Rauschenberg, “Man with white shoes”, 1954

E’ presente un tacchino impagliato, molte fotografie, soprattutto di famiglia.

Anche i ritagli di giornali presenti nell’opera parlano tutti della sua famiglia.

Ci sono anche disegni fatti da alcuni amici. L’opera è colma di materiali

autobiografici. I primi combine painting di Raushenberg sono composti da

materiali autobiografici.

La critica Rosalinda Krauss pubblica nel 1997 un saggio sulla rivista

October, “Perpetual Inventory”, dedicato al lavoro di Rauschenberg. Il

saggio inizia con la disamina degli archivi d’immagine.

L’artista aveva un archivio nel suo studio, che lei chiama inventario

perpetuo. Nell’archivio i materiali erano catalogati in base ai colori, la

materia e i soggetti. Quest’ansia di catalogazione non si vede nelle sue

opere, nelle quali gli oggetti venivano rimescolati.

Gli archivi oggi diventano un atto pubblico di memoria collettiva.

Documentazione di archivi immagine. Rauschenberg,

“Rebus”, 1955

Appartiene alla serie “Pedestrian” (quelli che vanno a

piedi).

I materiali non sono più autobiografici, ma di diversa

natura.

Voleva mostrare il colore del passante, quello che le

persone intravendono quando vanno di fretta.

Usa la pittura come una sorta di legante.

Lo sgocciolamento della vernice riprende

l’espressionismo astratto, con un po’ di ironia.

Rauschenberg, “Bed”, 1955, Moma di New York

L’opera consiste in una tavola di legno su cui l’artista costruisce un letto ad

una piazza con lenzuolo, cuscino e coperta veri.
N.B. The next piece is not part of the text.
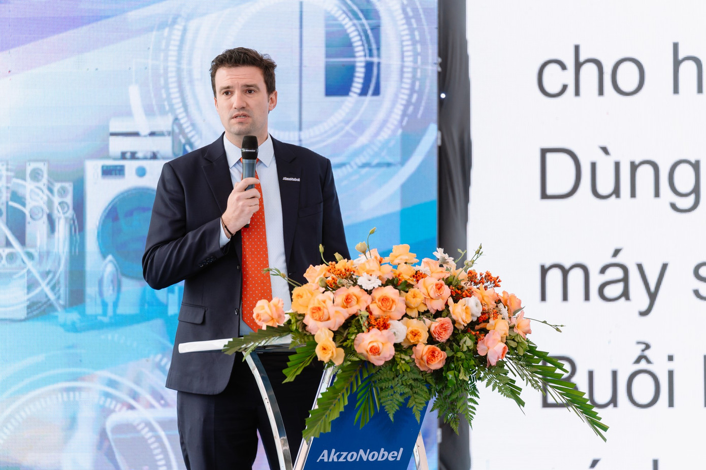 Dây chuyền mới này cũng thể hiện cam kết phát triển bền vững của AkzoNobel tại thị trường Việt Nam. Ông Maximilien Schréder - Giám đốc Thương mại, đơn vị Sơn điện tử tiêu dùng Toàn cầu, đơn vị sơn Ô tô & Sơn tái hoàn thiện khu vực Bắc Á, AkzoNobel cho biết: “Việc mở rộng năng lực sản xuất tại Bắc Ninh cho phép AkzoNobel cung cấp công nghệ sơn phủ gốc nước tối ưu nhất, nhằm đem đến các giải pháp sơn phủ hiệu quả cho các đối tác thuộc lĩnh vực Công nghệ thông tin, Thiết bị không dây và Thiết bị gia dụng. Chúng tôi cũng luôn không ngừng đổi mới cách thức sản xuất và tìm ra công nghệ hiện đại để giảm hàm lượng VOC trong tất cả các sản phẩm. Khoản đầu tư này là minh chứng cho niềm tin của chúng tôi vào tiềm năng của Việt Nam và là tín hiệu mạnh mẽ về sự hỗ trợ không ngừng của chúng tôi đối với sự phát triển của khu vực.”

Ha issato il tutto su una

parete, come se si trattasse di una qualunque tela dipinta.

Si dice che la coperta gli era stata regalata da Dorothea Rockburne, sua

compagna di corso al Black Mountain College.

Ha dipinto il letto nella sua parte superiore, come se si trattasse di un quadro.

Il letto si presenta sfatto, la sensazione è di un’azione appena trascorsa, come

se qualcuno ci avesse dormito. Quindi rappresenta una dimensione intima e

privata, dai risvolti drammatici. Infatti la critica lo interpreta come un sudario.

Idea di dimensione privata che viene violata dallo sguardo dello spettatore.

La parte superiore del letto presenta ampie pennellate dai colori accesi, che

sembrano richiamare il dripping dell’espressionismo astratto. E’ stato usato

anche del dentifricio. Sul cuscino ci sono dei segni a matita, probabilmente

per omaggiare l’amico Wambly, il quale faceva opere con segni simili.

L’opera sorprende perchè contrappone sullo stesso piano 2 registri diversi.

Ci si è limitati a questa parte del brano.